Fig. 10.. Starvation, muscle injury, and muscle dystrophy induce NPL-catalyzed Sia cleavage.

(A) Fasting reduces latency to fall for Npl^R63C but not for WT mice in accelerated rotarod test. N = 16 (8 males/8 females) mice per group. (B) Neu5Ac and (C) Neu5Gc are increased in the urine of fasted Npl^R63C but not fasted WT mice. N = 7 (4 males/3 females) per group. (D and E) Neu5Gc in the quadriceps muscle of Npl^R63C mice, but not of WT mice, is increased by fasting. (F and G) Fasting increases levels of CMP-Neu5Gc, but not of CMP-Neu5Ac, in the quadriceps muscle of Npl^R63C mice. N = 7 (4 males/3 females) mice per group. (H and I) Fasting increases NPL and NEU2 activities in quadriceps muscles from WT. N = 6 (3 males/3 females) mice per group. (J and K) NPL and NEU2 activities are increased in homogenates of tibialis anterior muscle 10 days after injection of cardiotoxin.

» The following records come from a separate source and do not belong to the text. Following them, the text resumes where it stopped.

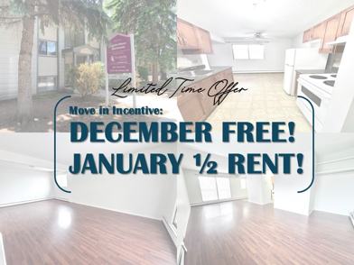 MOVE IN INCENTIVE : DECEMBER FREE AND PAY JANUARY 1/2 RENT!
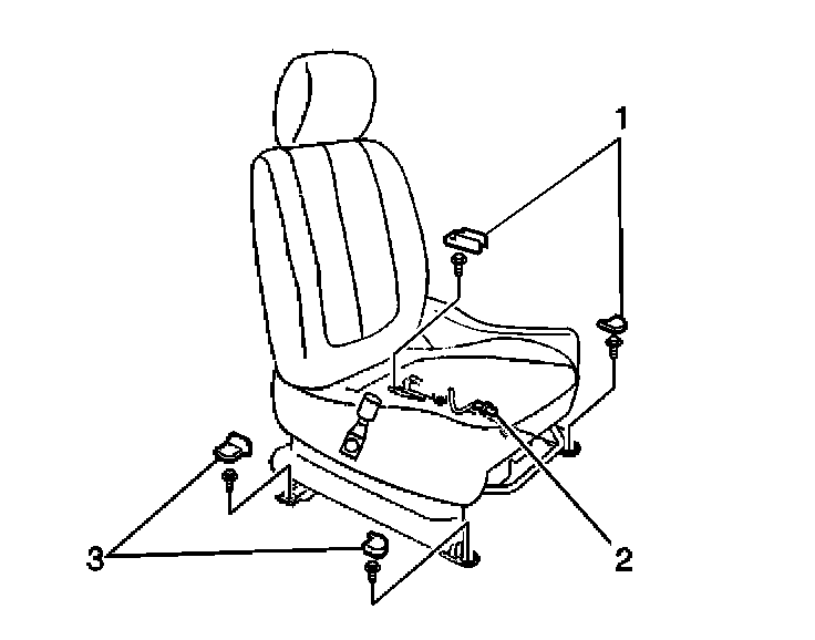 1. Remove the 4 front seat adjuster finish covers (1, 3) by sliding from the seat adjusters.
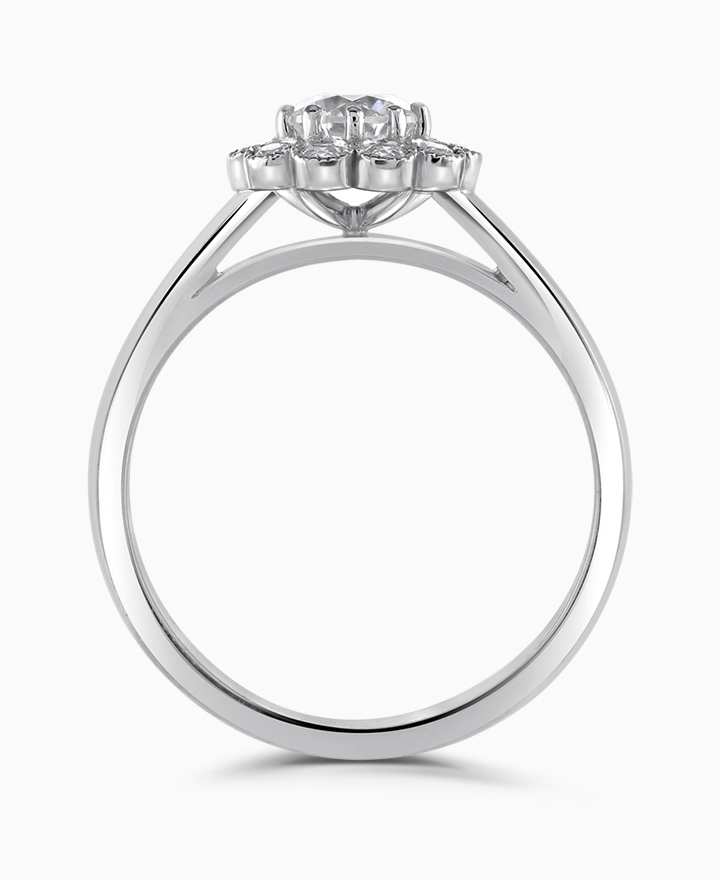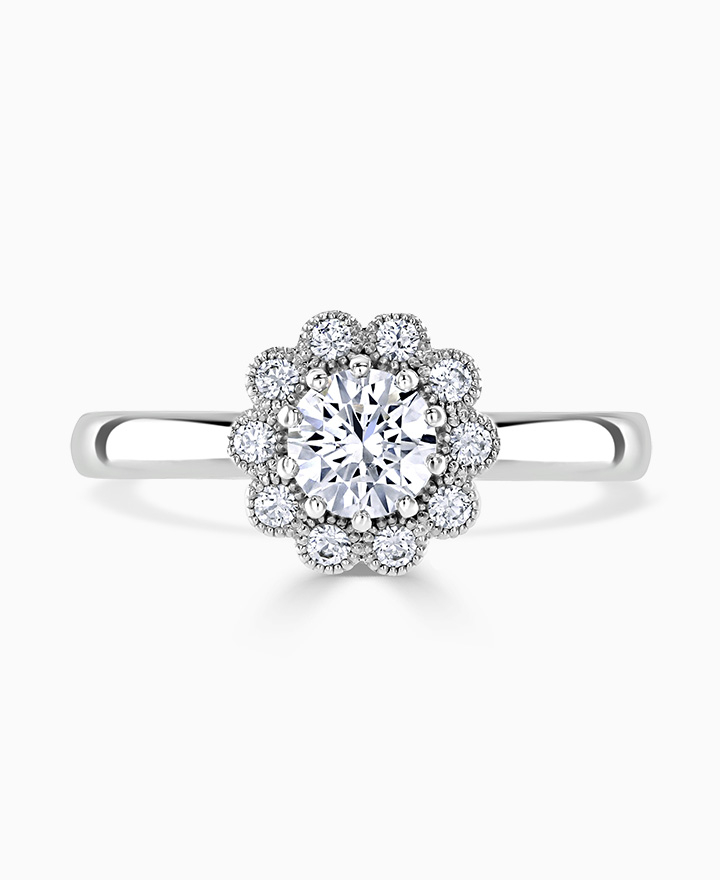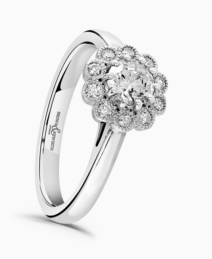 Handcrafted by Brown & Newirth; a diamond halo frames the round brilliant cut diamond, presented here on a straight edged band. Centre 0.50ct, total 0.65ct. Part of the Vintage Collection
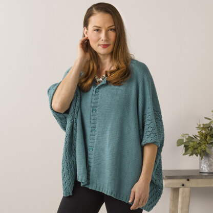 On cool spring evenings, Tanzanite from Valley Yarns is a casual, oversized topper that makes an excellent layering piece knit in Goshen, and is perfect for knitters wanting to try a first lace project. Two rectangles, seamed together to form sleeves, front, and back, make this oversized women’s cardigan a quick and easy project. Valley Yarns Goshen is one of the softest cotton blends you can find. The Modal® and silk not only add a slight sheen but also enhance the durability of this gorgeous yarn. Garments made with Goshen will not pill and will stand the test of time. The lace pattern is charted and written out.
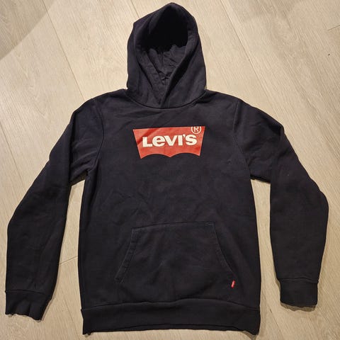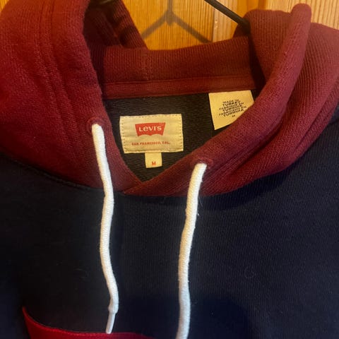 Levi's genser i flerfarget bomull, størrelse M for herre. Genseren har hette med snor og frontlogo. Materialet er bomull, egnet for hverdagsbruk.
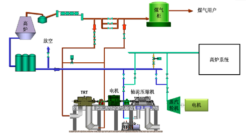 煤气透平与电动机同轴驱动高炉鼓风机组技术(BPRT),是把高炉煤气的余压余热转化为机械能的节能装置。

N = 4 (2 males/2 females) mice per group. (L and M) NPL and NEU2 activities are increased in homogenates of tibialis anterior muscle tissues from Duchenne’s muscular dystrophy, mdx, and a myotonic dystrophy type 1, DMXL, mouse models compared with their respective WT controls. N = 5 (2 males/3 females) mice per group for mdx mice and their controls, and 3 males for DMXL mice and their controls. (N) NPL activity shows a trend toward an increase, and NEU2 activity is increased in homogenates of quadriceps muscle biopsies of a patient affected with BMD compared with age-/sex-matched nonmyopathic control. Individual results, means, and SD of technical replicas are shown. Statistical analysis was performed using a two-way ANOVA with a Bonferonni post hoc test (A), one-way ANOVA with a Tukey post hoc test (B) to (H) and (K), and t test (H) to (J) and (L) to (N).